Combinée à des coûts unitaires similaires, voire inférieurs à ceux des gros porteurs, la faible capacité pour le long-courrier que propose ce type d'avion permet d'envisager le développement de manière rentable de lignes long-courriers à faible flux de trafic. Et plus précisément de remplir des vols sans besoin de les alimenter par des passagers en correspondance comme c'est le cas pour les compagnies dites « de réseau » organisées autour de puissants systèmes de hubs, comme Air France ou Lufthansa.
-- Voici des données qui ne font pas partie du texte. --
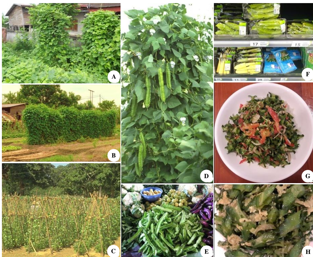
Figure 2. Winged bean is grown as an occasional fresh vegetable crop in most of Southern Asia. A. In rural household compounds (e.g., Khon Kaen, Thailand). B. In urban fringe settings as a local market crop (e.g. Selangor, Malaysia). C. In small, commercial-scale plantings (e.g., Sri Lanka). D. In urban backyards (e.g., Java, Indonesia); E. from which fresh pods may be sold in wet markets; F. or in modern supermarkets; G. to be eaten uncooked in salad dishes; H. or cooked in stir-fries and curries

The first written report of the cultivation of winged bean for its vegetable pods was that of Rumphius (1747) in the eastern Indonesian island of Amboina at the end of the sixteenth century. Rumphius considered that the plant was not indigenous to the island but had come from further west. Heyne (1927) compiled the limited information available at that time for winged bean cultivation in the archipelago, but it wasn’t until the mid-1970s with the work of Sastrapradja and colleagues (1975, 1978) in Bogor and of Thompson and Haryono (1980) in Jogjakarta that a comprehensive picture emerged of its cultivation in Java. More recently, Handayani et al. (2015), Kuswanto et al. (2016) and Yulianah et al. (2020) have expanded this picture with a genetic analysis of a wider range of cultivars from Indonesia, particularly East Java.

Ces vols de point-à-point sont l'apanage des compagnies à bas coûts long-courriers. Des avions comme l'A321 LR peuvent donc être l'outil qui permettra aux compagnies low-cost long-courriers d'ouvrir à grande échelle des vols long-courriers au départ d'aéroports dont les zones de chalandise ne justifient pas de positionner des gros-porteurs. Et notamment les villes régionales françaises. C'est le pari de Norwegian, la plus grande des low-cost long-courriers en Europe qui, en plus de sa flotte de B787, a déjà commandé 30 A321LR, soit quasiment la moitié de tous les A321LR commandés. Le rythme des livraisons est particulièrement agressif. Lors de la commande en juillet 2016, Norwegian prévoyait en effet d'en mettre en ligne 8 en 2019 et 22 au cours des deux années suivantes.
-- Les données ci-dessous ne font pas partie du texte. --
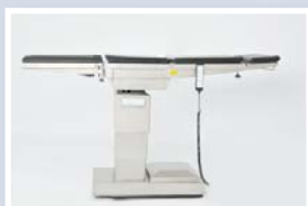
Maximum height : 111 cm
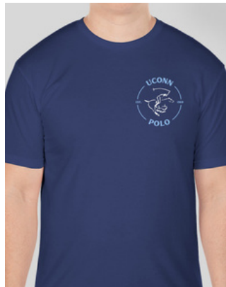
GILDAN SOFTSTYLE JERSEY T-SHIRT - METRO BLUE
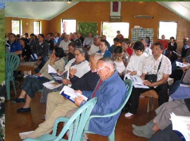
12th APEC Women Leaders Network (WLN) Meeting
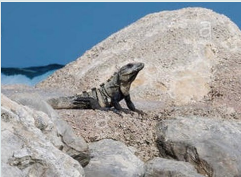
Mexican Spiny Tailed Iguana

La menace est suffisamment dangereuse pour qu'Air France la cite dans ses orientations stratégiques pour justifier la réflexion sur la création d'une low-cost long-courrier.
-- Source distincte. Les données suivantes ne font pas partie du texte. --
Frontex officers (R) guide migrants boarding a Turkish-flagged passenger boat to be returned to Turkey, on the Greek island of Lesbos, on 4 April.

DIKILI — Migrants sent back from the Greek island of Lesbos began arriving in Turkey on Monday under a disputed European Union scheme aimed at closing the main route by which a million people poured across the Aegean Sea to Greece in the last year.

L'A321LR n'est pas le premier monocouloir à effectuer des vols transatlantiques. Dans sa catégorie de sièges, les compagnies américaines utilisent depuis une dizaine d'années sur certaines routes transatlantiques des B757-200, un appareil qui avait été conçu initialement pour relier les Etats-Unis à Hawaî ou pour effectuer des vols entre la côte Est et la côte Ouest (« coast-to-coast »). Par ailleurs, depuis une quinzaine d'années, des B737 ou des A319 ont quant à eux été utilisés pour des vols long-courriers « courts » mais dans une configuration 100% classe affaires (Lufthansa en 2003, Air France vers les destinations pétrolières, British Airways et Qatar Airways aujourd'hui). Avec très peu de sièges à bord, ces avions affichent des coûts aux sièges sont aux antipodes de ceux espérés pour faire du low-cost.
L'A321 LR ajoute une corde à l'arc de l'A321 dont le succès en agace Boeing. Si ce dernier a lancé le B737 MAX-10 pour contrer l'A321Neo, il n'a pas encore lancé une version long-courrier. Une telle offre sur le long-courrier devrait en fait venir du lancement d'un nouvel appareil d'une capacité allant de 220 à 260 sièges disposant d'un rayon d'action d'au moins 4.000 miles nautiques. Boeing travaille en effet sur ce concept. Mais un tel avion n'est pas prévu avant les années 2024-2025.